Trichostomum caespitosum, having leaves with small upper laminal cells and broadly incurved margins, and being autoicous, was recognized in Pottia recently by both Smith (1978) and Corley et al. (1981), but clearly fits in a reduction series involving T. crispulum. Its distinctly differentiated perichaetial leaves are, however, unusual in the genus.

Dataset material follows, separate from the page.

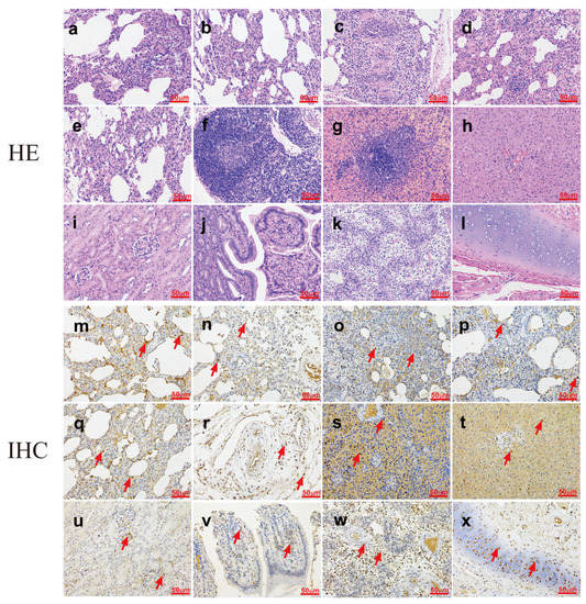 Histopathological analysis of dogs. Dogs were killed on 3 dpi with 107 EID50 of the test virus. H&E staining images (a–l). (a–e) Lungs from H3N2 virus-infected dogs, with collapsed alveolar septum and alveolar cavity expansion and some lymphocyte infiltration of the stroma. (f) Hilar lymph nodes in dogs infected with H3N2 virus manifested as lymphoid tissue hyperplasia. (g) The liver of dogs infected with the H3N2 virus shows mild edema of hepatocytes. Spleen (h), kidney (i), and duodenum (j) are normal. (k) The mesenteric lymph node tissues of H3N2 virus-inoculated animals show mild histopathological changes. (l) Sloughing in the trachea. IHC for nucleoprotein (NP) detection in sections of intranasally infected dogs. Images from (m) to (x) after IHC: (m–q) a high viral antigen titer was detected in the lung tissues. Hilar lymph nodes (r), liver (s), spleen (t), kidney (u), duodenum (v), mesenteric lymph nodes (w), and trachea (x) showed only a mild presence of viral antigen. Red arrow, viral antigen positivity. Scale bars in (a–x), 50 μm.

     The idea that Trichostomum might include taxa with much reduced or absent peristomes has been entertained recently by several bryologists (pers. comm.) with interest in the group. Magill (1981) pointed out that Trichostomum brachydontium has rudimentary peristomes or gymnostomous capsules both in South Africa and South America. He also noted that the gametophyte of the gymnostomous and rhexolytically operculate species Phasconica tisserantii (= T. unguiculatum cf. Crundwell & Nyholm 1974) resembles that of T. brachydontium. Brotherus (1924–25) avoided the problem of the relationship of species with Trichostomum-like gametophytes and cleistocarpous capsules by referring all these to Tetrapterum.

     Tuerckheimia is quite like Trichostomum in general appearance but the leaf bases of the former genus are not differentiated in shape, the basal cells are merely short-rectangular in a small area near the insertion, the upper laminal cells have a massive, multiplex papilla over the center of each lumen (but not covering the lumen as in Oxystegus), and the leaves (often widest near the middle) are pale yellow in KOH solution.

     Non-type specimens from India collected by Ramskuhl (BM) and identified as Desmatodon longirostris (Griff.) Mitt. (= Merceyopsis longirostris (Griff.) Broth. & Dix.) proved to be the superficially similar Scopelophila cataractae; the correct name for D. longirostris is now Trichostomum contractum, nom. nov. (see below).